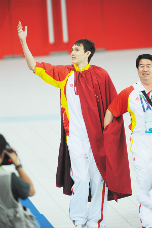 雖然最終收獲的還是“銀鑲玉”,但是楊博尊的心情已和8日晚有著天壤之別,臉上掛滿了笑容。“這雖然不是我的主項,但是我發揮得很好,超越了自己。現在我終于知道,‘水立方’不僅有‘金鑲玉’,還有更多的是超越。無論是我,還是我的隊友,我們都很努力,都在不斷地超越自己。”興奮的楊博尊披上了早就準備好的“戰袍”,這本是他為自己奪冠時準備的。
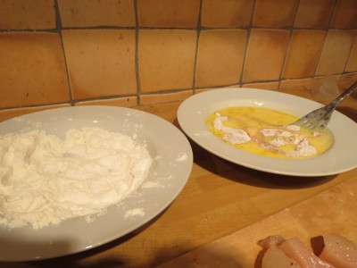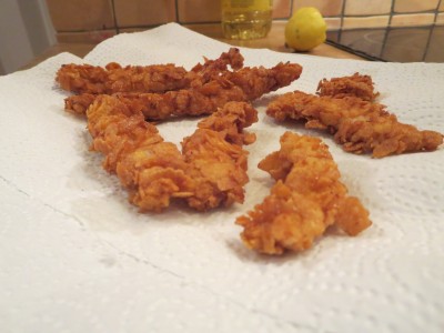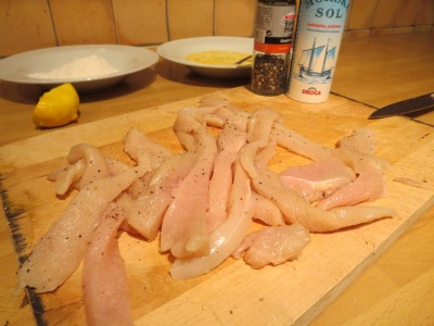 Pripravite piščančje prsi in jih naresite na male podolgovate trakove (glej sliko). Potem jih tudi posolite in popoprajte. |
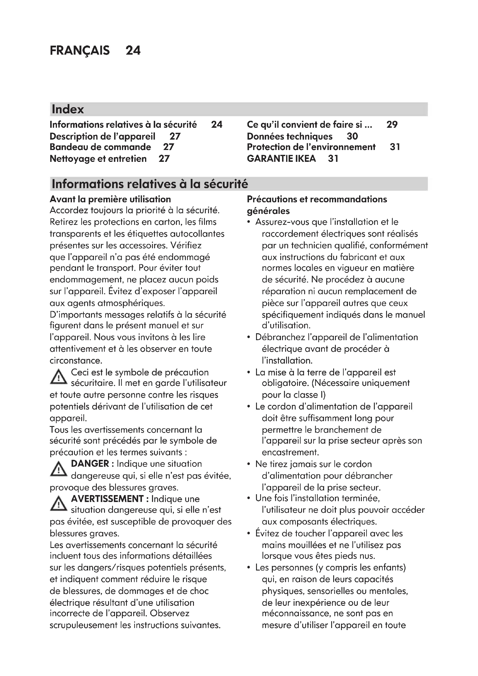 - Les personnes (y compris les enfants) qui, en raison de leurs capacités physiques, sensorielles ou mentales, de leur inexpérience ou de leur méconnaissance, ne sont pas en mesure d’utiliser l’appareil en toute Informationsrelativesàlasécurité 24 Descriptiondel’appareil 27 Bandeaudecommande 27 Nettoyageetentretien 27 Cequ’ilconvientdefairesi... 29 Donnéestechniques 30 Protectiondel’environnement 31 GARANTIEIKEA 31 Informationsrelativesàlasécurité IndexFRANÇAIS 25 sécurité, doivent se servir de l’appareil uniquement sous la surveillance ou en se conformant aux instructions d’une personne responsable.
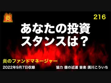 炎のファンドマネージャー 第216回「あなたの投資スタンスは?」 2022/9/8
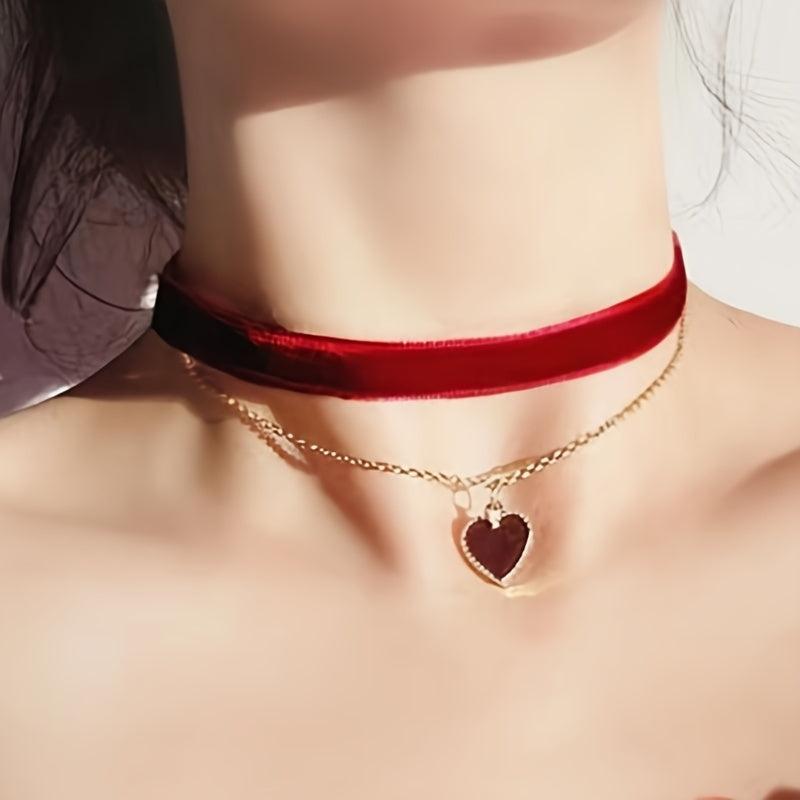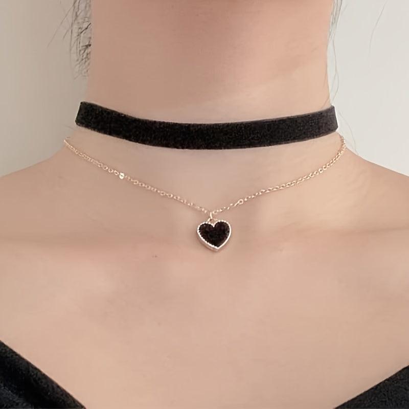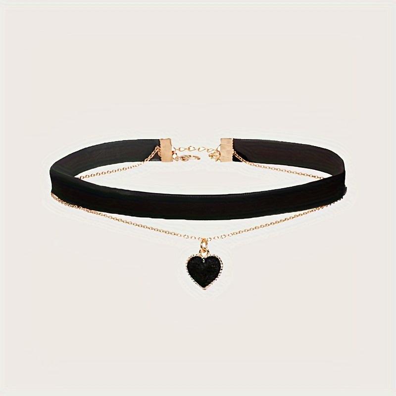 Add a touch of vintage style with this dark retro velvet choker necklace featuring a love pendant.
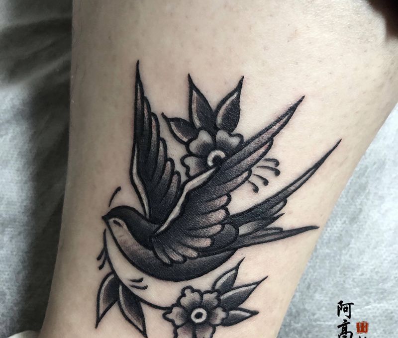 school飞燕纹身图片_腿部Old School纹身图案
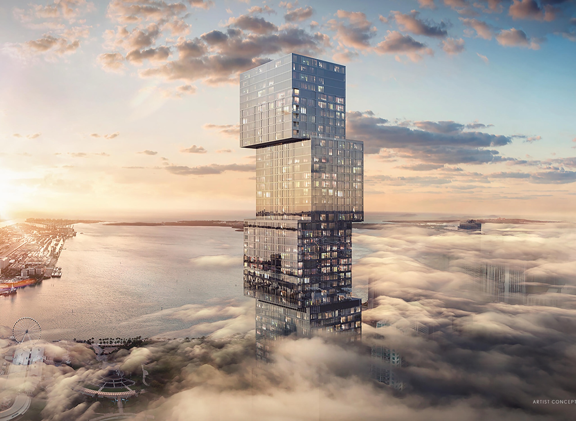 The tower rises 1,049 feet and 100 stories above Biscayne Bay, making it the tallest hotel and residential tower south of Manhattan. Residents enjoy unobstructed 360-degree views of the downtown Miami skyline, Miami Beach, and the Atlantic Ocean.
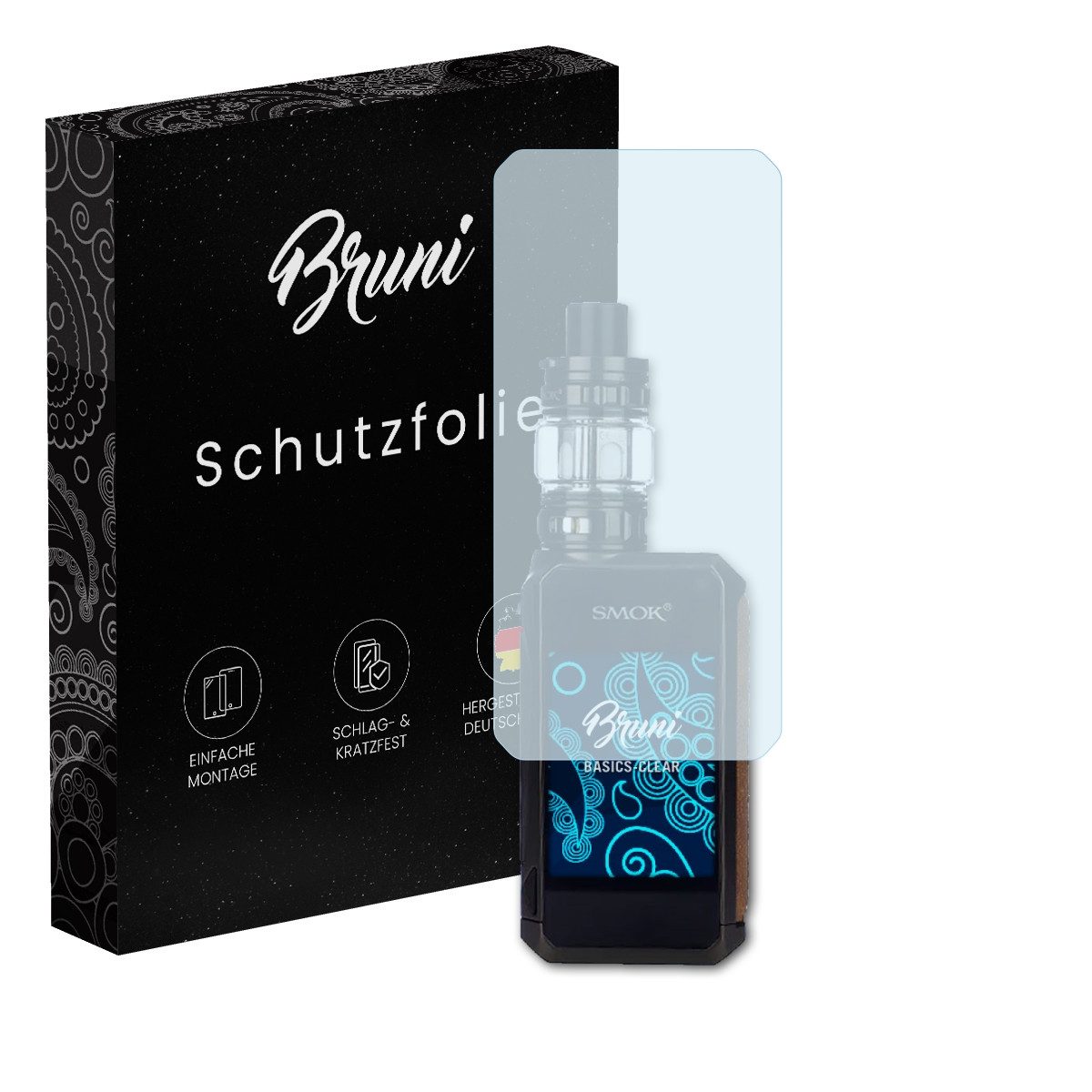 | Lieferumfang | 2 x Basics-Clear Folie kompatibel mit Smok G-Priv 4, inklusive mehrsprachiger, bebilderter Anleitung und Link zum Montagevideo, Bei Geräten mit mehreren Displays (z.B. Innen- und Außendisplay), ist für jedes Display eine Schutzfolie in der Verpackung enthalten. |
──────────
§ To do:
For this exercise, copy each line of the data above exactly, from the first through the line containing "Pripravite piščančje prsi", and drop the pictures.

§ Answer box:
 雖然最終收獲的還是“銀鑲玉”,但是楊博尊的心情已和8日晚有著天壤之別,臉上掛滿了笑容。“這雖然不是我的主項,但是我發揮得很好,超越了自己。現在我終于知道,‘水立方’不僅有‘金鑲玉’,還有更多的是超越。無論是我,還是我的隊友,我們都很努力,都在不斷地超越自己。”興奮的楊博尊披上了早就準備好的“戰袍”,這本是他為自己奪冠時準備的。
 Pripravite piščančje prsi in jih naresite na male podolgovate trakove (glej sliko). Potem jih tudi posolite in popoprajte. |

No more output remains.